Following Wellhausen, scholars speak of four major sources for the Torah.
J, Jahwist source
Main article: JahwistThe oldest source, concerned with narratives, making up half of Genesis and the first half of Exodus, plus fragments of Numbers. J describes a human-like God, called Yahweh (or rather YHWH) throughout, and has a special interest in the territory of the Kingdom of Judah and individuals connected with its history. J has an eloquent style. Originally composed c. 950 BC.
E, Elohist source
Main article: ElohistE parallels J, often duplicating the narratives. Makes up a third of Genesis and the first half of Exodus, plus fragments of Numbers. E describes a human-like God initially called Elohim, and Yahweh subsequent to the incident of the burning bush, at which Elohim reveals himself as Yahweh. E focuses on the Kingdom of Israel and on the Shiloh priesthood, has a moderately eloquent style. Originally composed c. 850 BC.
D, Deuteronomist source
Main article: DeuteronomistD takes the form of a series of sermons about the Law, and consists of most of Deuteronomy. Its distinctive term for God is YHWH Elohainu, translated in English as "The Lord our God." Originally composed c. 650-621 BC.
P, Priestly source
Main article: Priestly sourcePreoccupied with the centrality of the priesthood, and with lists (especially genealogies), dates, numbers and laws. P describes a distant and unmerciful God, referred to as Elohim. P partly duplicates J and E, but alters details to stress the importance of the priesthood. P consists of about a fifth of Genesis, substantial portions of Exodus and Numbers, and almost all of Leviticus. P has a low level of literary style. Composed c. 550-400 BC.
Composition
The redaction of the Torah began with the combination of J and E to create JE, c 750. The addition of D created JED. The redactors associated with P put the work into its final form c 400.
Before Wellhausen
Mosaic authorship
Prior to the 17th century both Jews and Christians accepted the traditional view that Moses had written down the Torah under the direct inspiration—even dictation—of God. A few rabbis and philosophers asked how Moses could have described his own death, or given a list of the kings of Edom before those kings ever lived, but none doubted the truth of the tradition, for the purpose of scholarship "was to underline the antiquity and authority of the teaching in the Pentateuch, not to demonstrate who wrote the books."

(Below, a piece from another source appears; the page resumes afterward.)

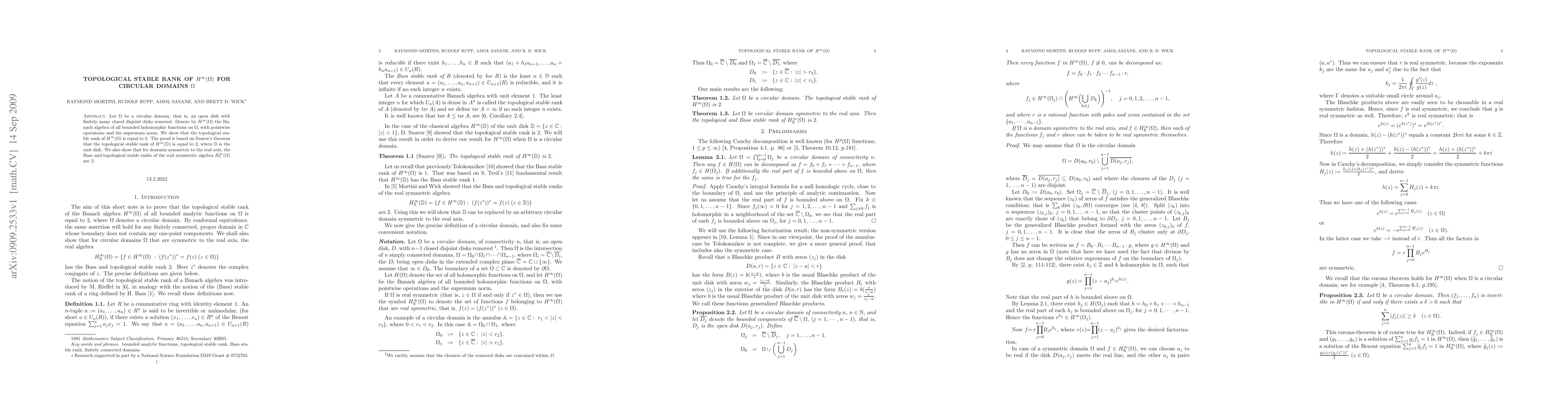The paper investigates the topological stable rank of the Banach algebra $H^\infty(\Omega)$ for circular domains $\Omega$, proving it equals 2. It leverages Suarez's theorem for the unit disk and demonstrates that symmetric domains yield a topological stable rank of 2 for the real symmetric algebra $H^\infty_\R(\Omega)$.

The beginnings of the documentary hypothesis
In 1651 Thomas Hobbes, in chapter 33 of Leviathan, marshaled a battery of evidence that the Pentateuch could not all be by Moses, noting passages such as Deut 34:6 ("no man knoweth of his sepulchre to this day," implying an author living long after Moses' death); Gen 12:6 ("and the Canaanite was then in the land," implying an author living in a time when the Canaanite was no longer in the land); and Num 21:14 (referring to a previous book of Moses' deeds), and concluded that none of these could be by Moses. Others, including Isaac de la Peyrère, Baruch Spinoza, Richard Simon, and John Hampden came to the same conclusion, but their works were condemned, several of them were imprisoned and forced to recant, and an attempt was made on Spinoza's life.
In 1753 Jean Astruc printed (anonymously) Conjectures sur les memoires originaux, dont il parait que Moses s'est servi pour composer le livre de la Genèse ("Conjectures on the original accounts of which it appears Moses availed himself in composing the Book of Genesis"). Astruc's motive was to refute Hobbes and Spinoza - "the sickness of the last century," as he called their work. To do this, he applied to Genesis the tools of literary analysis which scholars were already using with Classical texts such as the Iliad to sift variant traditions and arrive at the most authentic text. He began by identifying two markers which seemed to identify consistent variations, the use of "Elohim" or "YHWH" (Yahweh) as the name for God, and the appearance of duplicated stories, or doublets, such as the two accounts of the creation in the first and second chapters of Genesis and the two accounts of Sarah and a foreign king (Gen.12 and Gen.20). He then ruled columns and assigned verses to these, the "Elohim" verses in one column, the "YHWH" verses in another, and the members of the doublets in their own columns beside these. The four parallel columns thus constructed contained two long narratives and two short ones. Astruc suggested that these were the original documents used by Moses, and that Genesis as written by Moses had looked just like this, four parallel accounts meant to be read separately. According to Astruc, a later editor had combined the four columns into a single narrative, creating the confusions and repetitions noted by Hobbes and Spinoza.
The tools adapted by Astruc for biblical source criticism were vastly developed by subsequent scholars, most of them German. From 1780 onwards Johann Gottfried Eichhorn extended Astruc's analysis beyond Genesis to the entire Pentateuch, and by 1823 he had concluded that Moses had had no part in writing any of it. In 1805 Wilhelm de Wette concluded that Deuteronomy represented a third independent source. About 1822 Friedrich Bleek identified Joshua as a continuation of the Pentateuch via Deuteronomy, while others identified signs of the Deuteronomist in Judges, Samuel, and Kings. In 1853 Hermann Hupfeld suggested that the Elohist was really two sources and should be split, thus isolating the Priestly source; Hupfeld also emphasized the importance of the Redactor, or final editor, in producing the Torah from the four sources. Not all the Pentateuch was traced to one or other of the four sources: numerous smaller sections were identified, such as the Holiness Code contained in Leviticus 17 to 26.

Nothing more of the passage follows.